According to Democrats, 1.3 million workers will lose their federal unemployment benefits, which kick in after state benefits are all used, and after Dec. 28 without an extension, The Hill reports
But Republicans pointed out that 204,000 jobs were added last month, and unemployment dropped to 7 percent — its lowest percentage since November 2008.
House Minority Leader Nancy Pelosi, D-Calif., also said Thursday that the extension does not need to be part of a budget deal, a change from statements she made during a Democratic panel on unemployment insurance. At that time, she claimed her party could not support a budget without the extensions as part of it.
However, Patty Murray, the Senate Democrat's top budget negotiator, is reportedly pushing House Budget Committee leader Paul Ryan, R-Wis., to include an extension of the benefits in the budget deal, reports Politico
Democrats argued Friday that including the extension could help win their support for a budget deal, but Ryan fears the push will prompt Republicans to reject the overall budget proposal. The extension could create 200,000 jobs, but cost up to $25 billion.
"This literally came out of nowhere yesterday, and it is totally disingenuous of them to put this in play at this point," one Republican familiar with the talks told Politico. "They know the impact this will have on our side of the aisle, so I can only read this as a deliberate attempt to blow up any deal."
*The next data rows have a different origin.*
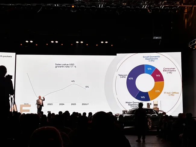 제임스 테크&내구재 글로벌 총괄은 2024년 2%, 2025년 4%였던 성장률이 올해 0%로 떨어질 것으로 내다봤다. 소비자가 가격보다 기능과 AI를 중심으로 제품을 선택하는 패턴으로 변화하고 있으며, 소형 가전의 47%가 AI 기능을 인지·활용 중이라고 밝혔다.
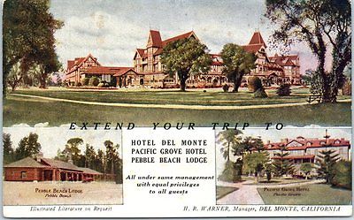 Title (ebay affiliate link): 1910s California Postcard Del Monte & Pacific Grove Hotels & Pebble Beach Lodge
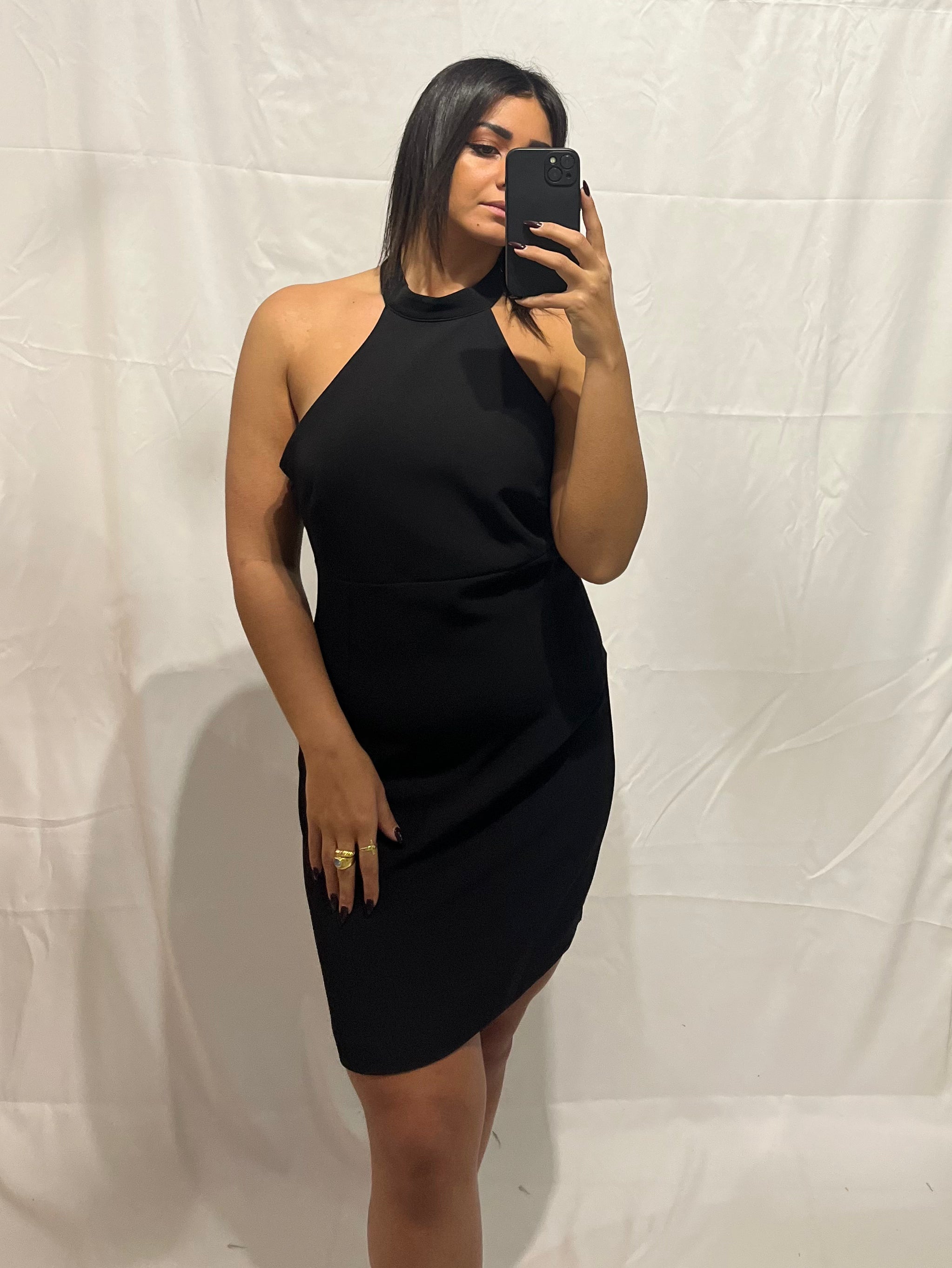 L'Abito Lumina nero, corto e in poliestere, combina comfort e stile.
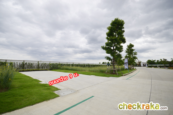 ผ่านซุ้มประตูเข้ามาไม่ไกลจะเห็นพื้นที่ว่างอยู่ฝั่งซ้ายมือ ทางโครงการทำถนนไว้เรียบร้อย จะใช้เป็นพื้นที่ขาย
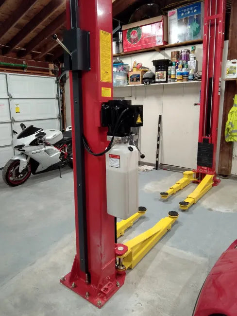 - 10,000 lbs. capacity, commercial grade 2-post base plate lift is designed and built for any professional shops and home garages to fit low ceiling workshop environment without overhead obstructions
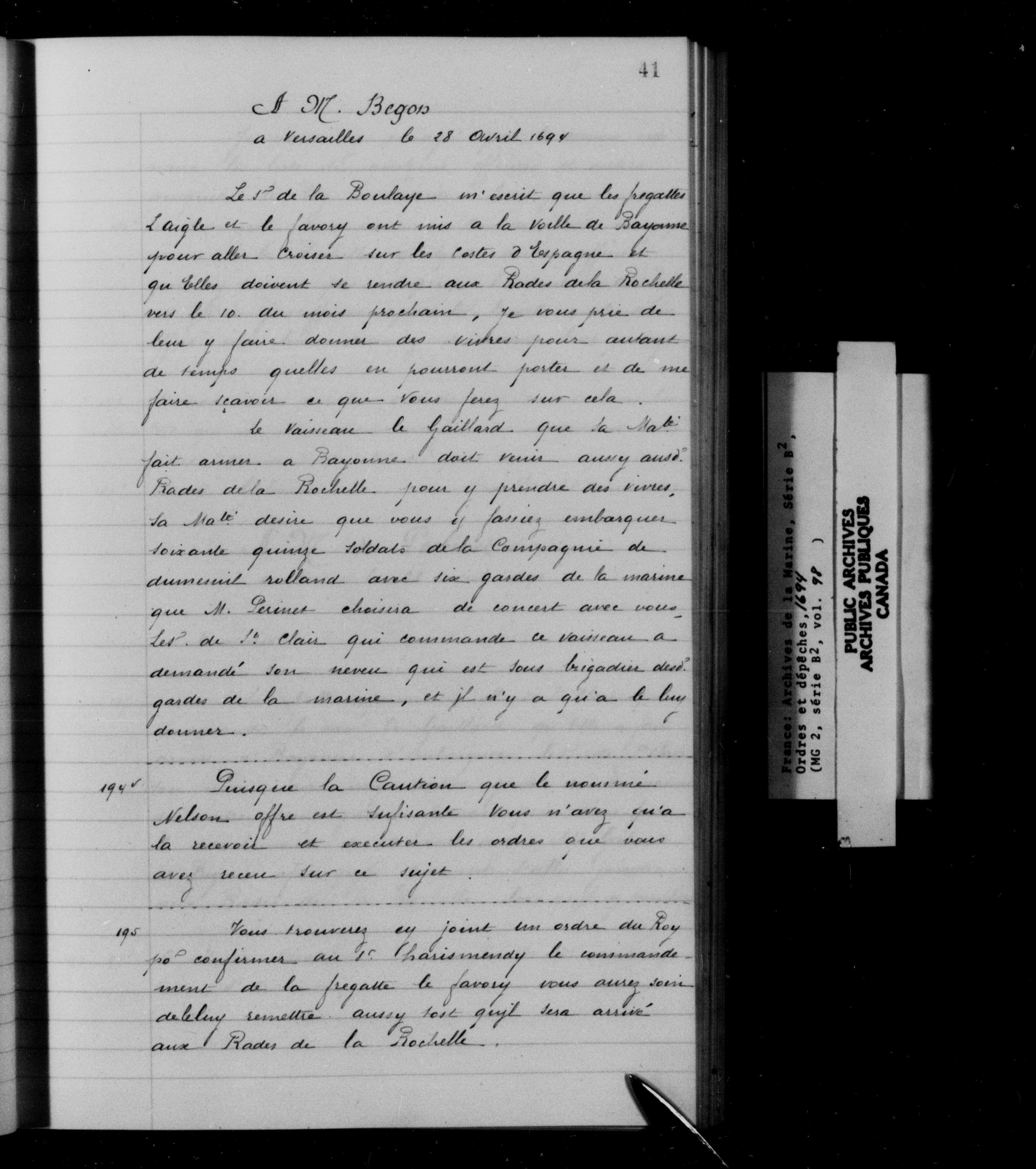 France : Archives de la Marine, Série B2, Ordres et dépêches - 11978

While Democrats like Pelosi are saying the issue won't jeopardize the budget deal, there are other items facing Ryan and Murphy, including a disagreement over cuts Ryan is pushing on to federal workers' retirement programs.
But both sides Friday said they're sure they can come up with a smaller budget plan, and plan to work through the weekend in hopes of displaying a proposal before the House adjourns for the year on Dec. 13.
Even if the House reaches a deal, it will likely be in the form of legislation rather than a non-binding budget resolution. This will mean opponents in the Senate can mount a filibuster against it, which means the bill would need bipartisan support and votes from 60 senators to pass. However, legislation gives Ryan and Murray more room to enact policy changes.
Ryan has proposed $120 billion in federal worker benefit cuts over a decade, by asking federal workers to pay more on their pensions. Meanwhile, President Barack Obama wants a level of around $20 billion, reports Politico.